---
id: custom-data-sources
title: Can I integrate custom data sources with Deephaven?
sidebar_label: Can I integrate custom data sources?
---

Yes, you can integrate custom data sources with Deephaven. While Deephaven includes a proprietary columnar store for persistent historical and intraday data, you can integrate your own data stores to leverage Deephaven's efficient engine, analytics, and data visualization capabilities.

There are three main integration approaches:

- **Static in-memory tables** - Similar to CSV and JDBC imports.
- **Dynamic in-memory tables** - For real-time data feeds like multicast distribution systems.
- **Lazily-loaded on-disk tables** - For large datasets like Apache Parquet files.

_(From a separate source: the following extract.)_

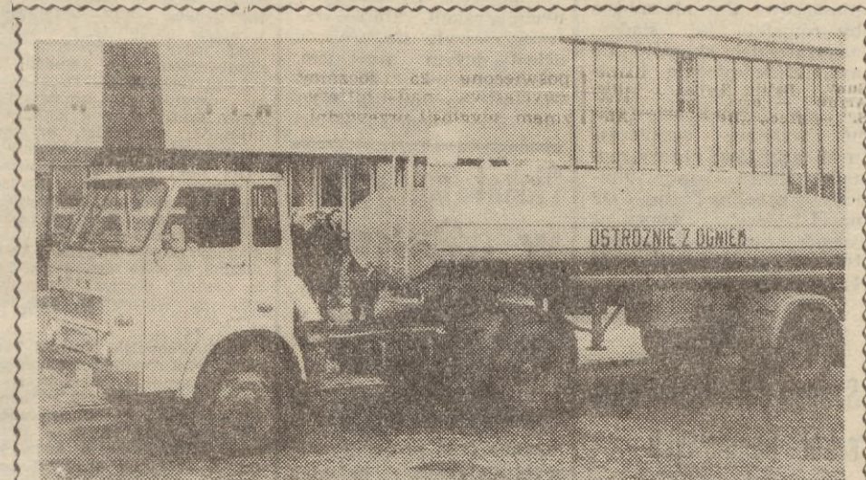
Zaloga Kieleckich Zakładów Metalowych w czynie pierwszomajowym wykonała prototypy samochodów specjalistycznych, przygotowując się tym samym do podjęcia nowej produkcji w ramach przyszłej specjalizacji zakładów. Na podkreślenie zasługuje rekordowy czas w jakim wykonano te prototypy (4 miesiące od projektu do prototypu). Pierwszym prototypem jest samochód samowładzający na podwoziu samochodu „Star-28”. Nowa wywrotka charakteryzuje się ładownością 4,5 tony, a więc o 1 tonę więcej od dotychczas stosowanych na tym podwoziu. Drugim prototypem jest autocystrna skonstruowana na samodzielnym podwoziu o objętości zbiorników 9 m sześć. Nowe wywrotki wejdą do produkcji w IV kw. br. Uruchomienie seryjnej produkcji autocystrny nowego typu planuje się w roku przyszłym. Będą to samochody zbiornikowe specjalistyczne, poszukiwane na wielu rynkach zagranicznych. Na zdjęciu: prototyp cysterny.

Nie ustają poszukiwania idealnego autobusu, który łączyłby wymagania stawiane przez rosnące zatłoczenie ulic i zwiększający się ruch pasażerski z niskimi kosztami eksploatacji. Fabryka Baimler-Benz w NRF zbudowała doświadczalny autobus do przewożenia 66 osób, który posiada napęd spalino-elektryczny. Prąd elektryczny wytwarzany jest przez agregat złożony z silnika wysokoprężnego o mocy 65 KM i prądnicę prądu zmiennego. Podczas jazdy w dzielnicach podmiejskich autobus poruszany jest przez silnik spalinyowy, a pracujący agregat prądowoczą zasila jeszcze dodatkowo akumulatory. W centrum miasta, gdzie przedkłada się jazdy jest niewielki, autobus napędzany jest przez silnik elektryczny czerpiący energię z akumulatorów. Łączny ciężar akumulatorów jest bardzo duży, przekracza 3,5 tony. Autobus może rozwijać szybkość do 70 na godzinę.

## Understanding Deephaven table structure

Each Deephaven table consists of:

- A [RowSet](https://deephaven.io/core/javadoc/io/deephaven/engine/rowset/RowSet.html) - An ordered set of long keys representing valid row addresses.
- Named [ColumnSources](https://deephaven.io/core/javadoc/io/deephaven/engine/table/ColumnSource.html) - A map from column name to ColumnSource, which acts as a dictionary from row key to cell value.

In Python, you typically use higher-level APIs like `new_table()`, `DynamicTableWriter`, or pandas integration rather than working directly with RowSets and ColumnSources.

## Static in-memory tables

For simple static data sources, use `new_table()` to create tables from Python data structures.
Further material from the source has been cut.